I should include the rest of the book’s warning. I used the default library re
that ships with Python, but the authors recommend if you’re serious about using regular expressions with Unicode,
… you should consider installing the third-party regex library which provides full support for Unicode case folding, as well as a variety of other interesting features, including approximate matching.
Related posts
[1] When I refer to “בר” as a regular expression, I mean the character sequence ב followed by ר, which your browser will display from right to left because it detects it as characters from a language written from right to left. Written in terms of Unicode code points this would be “\u05d1\u05e8”, the code point for ב followed by the code point for ר.
Similarly, the second regular expression could be written “\u05d1..\u05e8”. The two periods in the middle are just two instances of the regular expression symbol that matches any character. It’s a coincidence that dots (periods) are being used to match dots (the dagesh and the sheva).
My understanding is that Python bit the bullet, and represents all strings as 32-bit bytes internally, so working with Unicode in Python just works. It’s truly beautiful.

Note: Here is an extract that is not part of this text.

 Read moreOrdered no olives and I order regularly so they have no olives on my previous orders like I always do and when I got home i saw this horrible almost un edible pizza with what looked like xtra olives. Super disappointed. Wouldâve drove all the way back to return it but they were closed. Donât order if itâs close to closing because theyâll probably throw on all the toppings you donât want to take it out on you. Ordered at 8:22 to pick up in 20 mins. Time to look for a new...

Someone yelled at me to try Julia, and Julia seems to represent Unicode internally as UTF-8, that is, as a variable-width thing. (This is, of course, because the vast majority of data out there is 7-bit characters, and explaining to people that you have to use 32 bits for each of their 7-bit data items makes peoples’ heads explode. Until they try to actually work with variable width data, which is a seriously head-exploding thing to do.) And C++ has punted Unicode support to the some future version of the standard.

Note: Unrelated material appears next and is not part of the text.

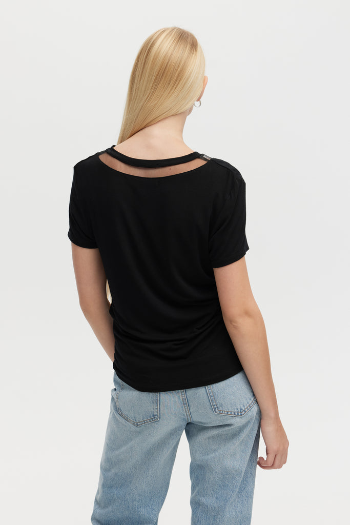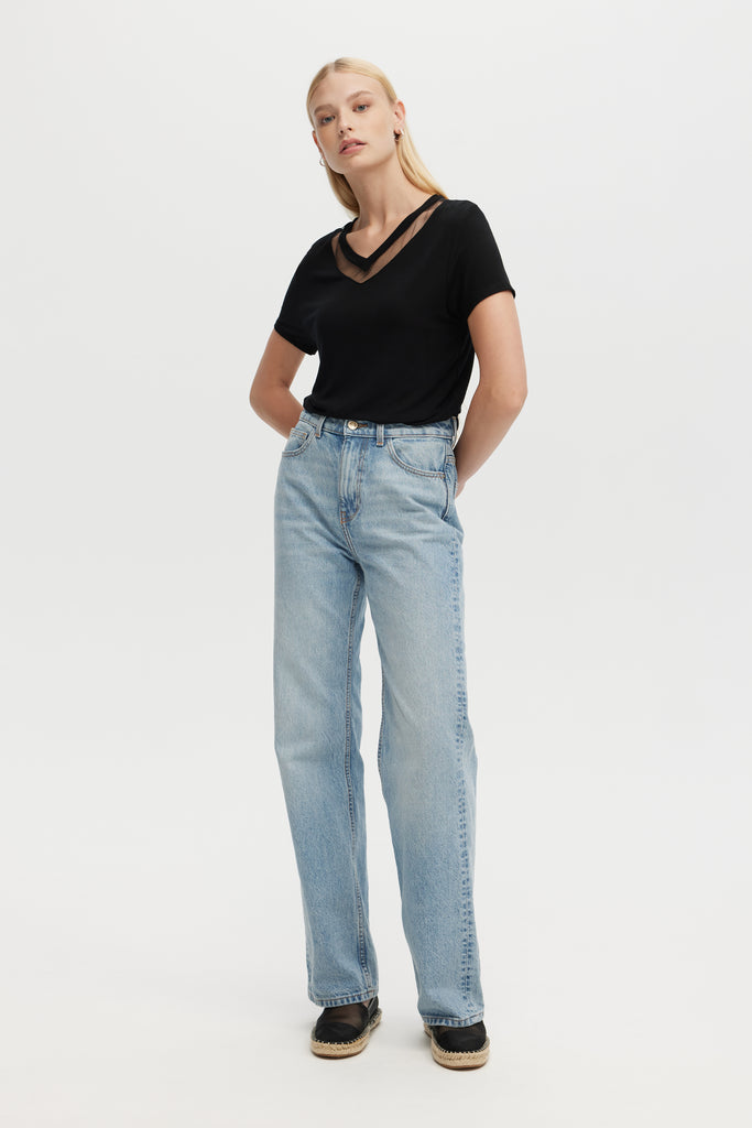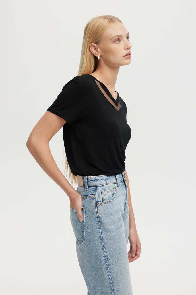 TULLE INSERTS V-NECK - V-Neck Fitted T-Shirt

It’s a sad world when all you have to do to be truly beautiful is “just work”.
Very nice post!
unfortunately, it is למרבה and not לםרבה !
No one would use this form today.
It was left because the bible is holly and no one would change an obvious mistake made thousands of years ago. So it is just copied by practice.
The final forms of the letters originate from the ancient source of hebrew (Aramaic) and they were the first to be used. Only then came the other letters.
To use lemmatization you must replace like you did. It is a very good approach.
Thanks for posting this.
I doubt it was a mistake. The text has been meticulously preserved, and the deviation from normal grammar is egregious, so I expect there was a reason for using the final mem in the interior of a word.